Provided information:
==================================================

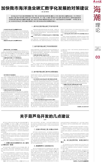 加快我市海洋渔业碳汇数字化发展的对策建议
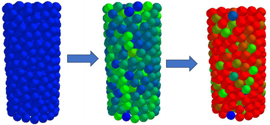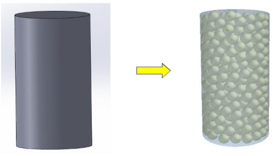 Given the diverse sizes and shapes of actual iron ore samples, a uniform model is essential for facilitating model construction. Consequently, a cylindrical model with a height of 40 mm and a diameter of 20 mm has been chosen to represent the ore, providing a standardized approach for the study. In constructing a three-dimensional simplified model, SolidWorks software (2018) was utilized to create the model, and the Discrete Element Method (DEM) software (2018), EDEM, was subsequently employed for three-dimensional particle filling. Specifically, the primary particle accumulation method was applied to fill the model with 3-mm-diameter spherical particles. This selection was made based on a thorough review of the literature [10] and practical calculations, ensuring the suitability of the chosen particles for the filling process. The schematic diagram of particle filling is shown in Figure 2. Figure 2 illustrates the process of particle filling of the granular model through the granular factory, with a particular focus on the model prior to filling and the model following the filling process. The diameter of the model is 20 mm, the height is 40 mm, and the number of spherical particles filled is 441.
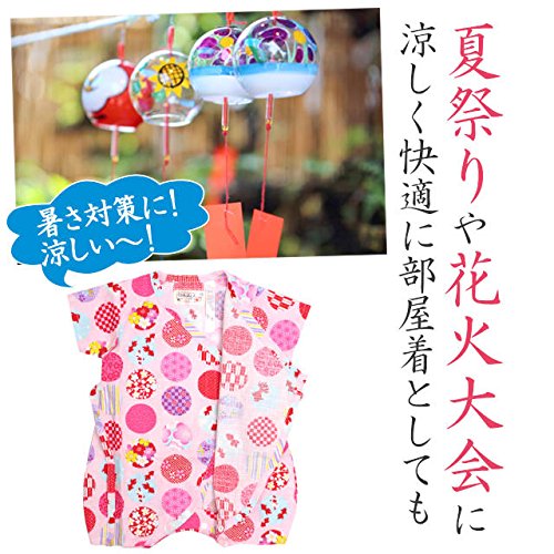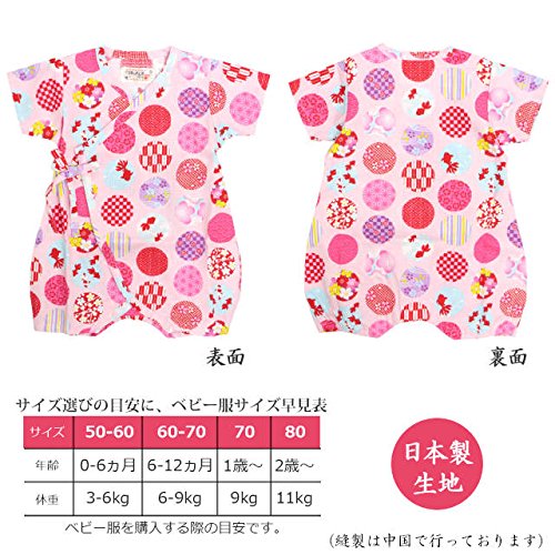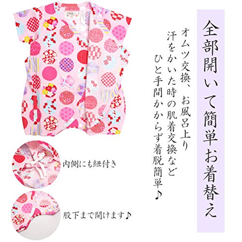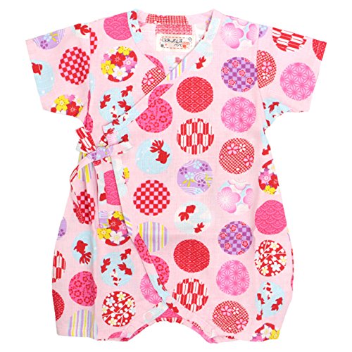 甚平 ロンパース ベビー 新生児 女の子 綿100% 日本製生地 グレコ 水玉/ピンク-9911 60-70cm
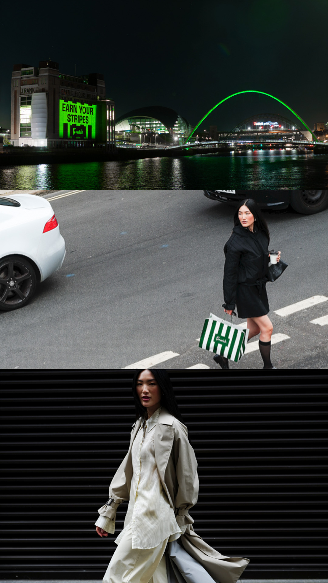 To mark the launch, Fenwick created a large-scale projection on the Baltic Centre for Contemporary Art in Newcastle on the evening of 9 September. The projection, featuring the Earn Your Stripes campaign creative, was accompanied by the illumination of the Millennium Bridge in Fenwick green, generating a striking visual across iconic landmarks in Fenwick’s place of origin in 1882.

==================================================

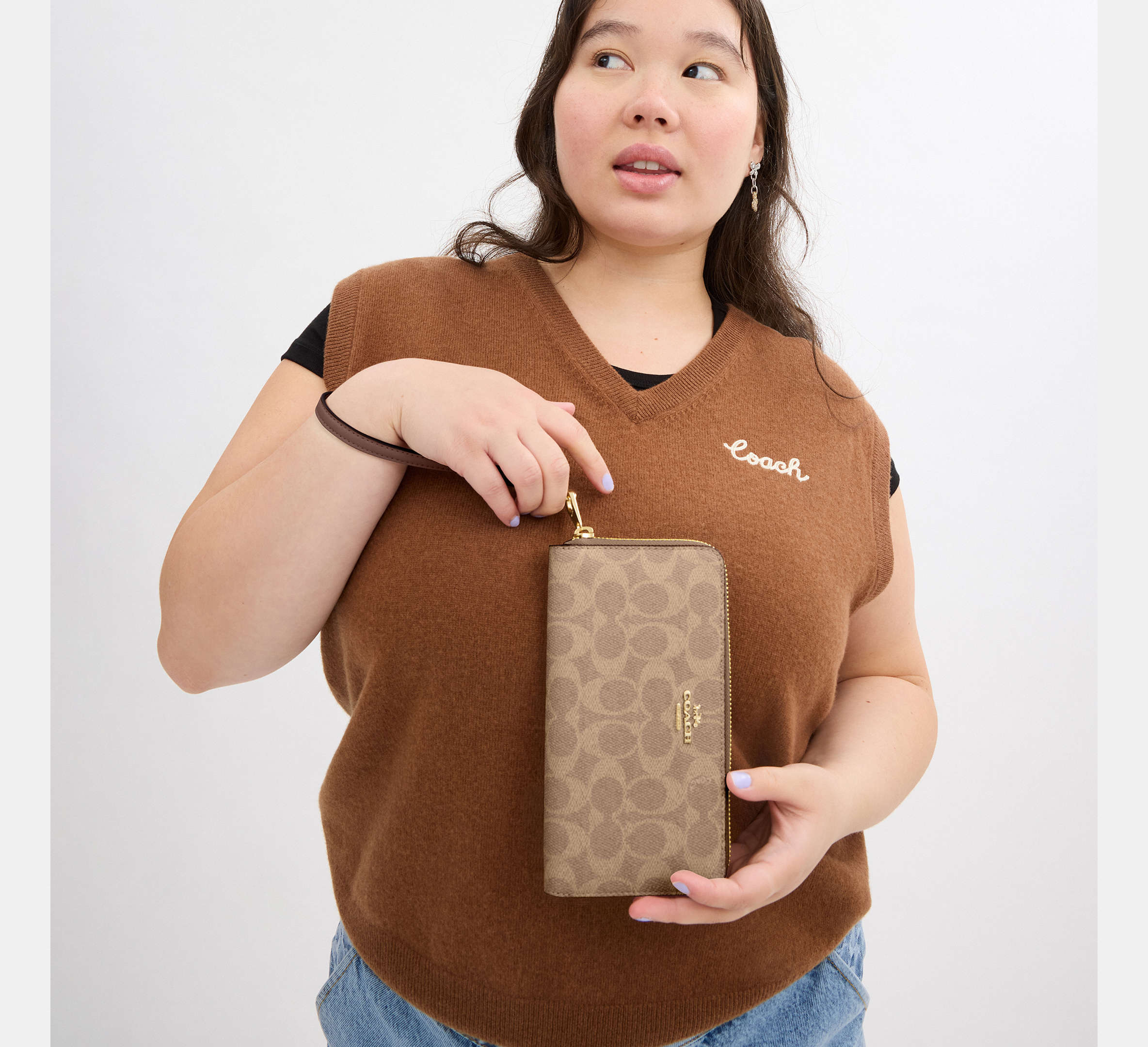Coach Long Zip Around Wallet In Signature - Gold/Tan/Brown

==================================================

To do:
Nothing but the lines above from the line with "加快我市海洋渔业碳汇数字化发展的对策建议" up to and including the line with "甚平 ロンパース ベビー" should be returned, exactly as written and without pictures.

Answer to the problem:
 加快我市海洋渔业碳汇数字化发展的对策建议
 Given the diverse sizes and shapes of actual iron ore samples, a uniform model is essential for facilitating model construction. Consequently, a cylindrical model with a height of 40 mm and a diameter of 20 mm has been chosen to represent the ore, providing a standardized approach for the study. In constructing a three-dimensional simplified model, SolidWorks software (2018) was utilized to create the model, and the Discrete Element Method (DEM) software (2018), EDEM, was subsequently employed for three-dimensional particle filling. Specifically, the primary particle accumulation method was applied to fill the model with 3-mm-diameter spherical particles. This selection was made based on a thorough review of the literature [10] and practical calculations, ensuring the suitability of the chosen particles for the filling process. The schematic diagram of particle filling is shown in Figure 2. Figure 2 illustrates the process of particle filling of the granular model through the granular factory, with a particular focus on the model prior to filling and the model following the filling process. The diameter of the model is 20 mm, the height is 40 mm, and the number of spherical particles filled is 441.
 甚平 ロンパース ベビー 新生児 女の子 綿100% 日本製生地 グレコ 水玉/ピンク-9911 60-70cm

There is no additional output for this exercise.